AIM OF THE EXERCISE =
Return only the lines from the one that contains "街道教育辦公室甘永杰同志總結" through the last line of the records below, exactly as they stand. Pictures are not part of the copy.

(Items from a dataset)
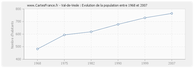 La population de Val-de-Vesle était de 765 habitants en 2007, 730 habitants en 1999, 678 habitants en 1990, 619 habitants en 1982, 594 habitants en 1975 et 482 habitants en 1968.
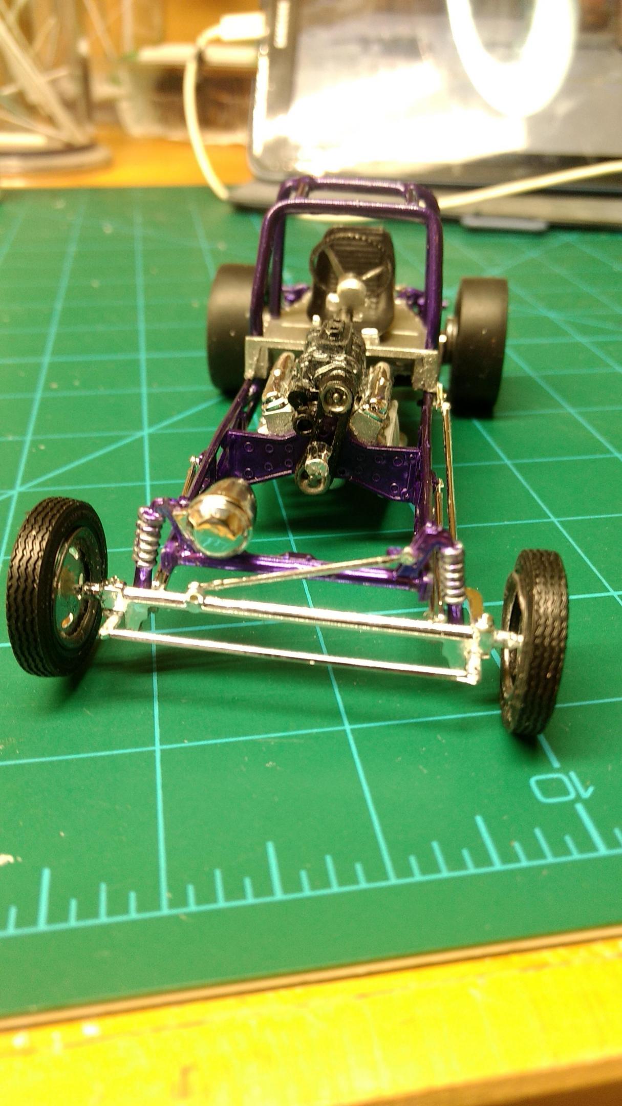 Mike, Looks good! Nice work on scratching the front assembly. I am doing the same right now on a 41 Willys pickup since I can't find what I need in the stash. I like the paint color too. And as for the stance, I don't think anyone is complaining (just stating information in a friendly way). I would just say that the car is in "launch mode". Later-
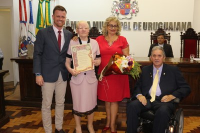 A médica Helena Maria Pavlick Bastos foi homenageada por indicação do vereador Carlos Delgado. Atuou mais de 30 anos como pediatra no Centro de Saúde de Uruguaiana, coordenando e participando de inúmeros projetos voltados a saúde infantil e da família.
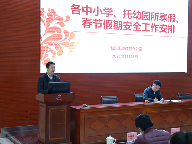 街道教育辦公室甘永杰同志總結(jié)2020年勒流街道第四季度校園安全工作情況,布置各中小學(xué)、托幼園所寒假、春節(jié)假期的安全工作,部署2021年第一季度校園安全工作,部署全街道中小學(xué)、托幼園所學(xué)期末安全巡察工作。
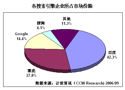互聯(lián)網(wǎng)上的信息浩如煙海,是典型的信息爆炸,因此絕大多數(shù)網(wǎng)民都必須依靠搜索引擎才能找到所需信息,這個龐大的需求也就注定了搜索引擎市場的興旺繁榮。計世資訊(CCW Research)數(shù)據(jù)顯示:2004年中國的搜索引擎市場銷售總額達到9.4億元人民幣,增長67.9%,2005年繼續(xù)保持47.9%的增長速度,達到13.9億元,到2006年預(yù)計這個數(shù)字將突破20億元大關(guān)。

RESPONSE TO THIS TASK =
 街道教育辦公室甘永杰同志總結(jié)2020年勒流街道第四季度校園安全工作情況,布置各中小學(xué)、托幼園所寒假、春節(jié)假期的安全工作,部署2021年第一季度校園安全工作,部署全街道中小學(xué)、托幼園所學(xué)期末安全巡察工作。
互聯(lián)網(wǎng)上的信息浩如煙海,是典型的信息爆炸,因此絕大多數(shù)網(wǎng)民都必須依靠搜索引擎才能找到所需信息,這個龐大的需求也就注定了搜索引擎市場的興旺繁榮。計世資訊(CCW Research)數(shù)據(jù)顯示:2004年中國的搜索引擎市場銷售總額達到9.4億元人民幣,增長67.9%,2005年繼續(xù)保持47.9%的增長速度,達到13.9億元,到2006年預(yù)計這個數(shù)字將突破20億元大關(guān)。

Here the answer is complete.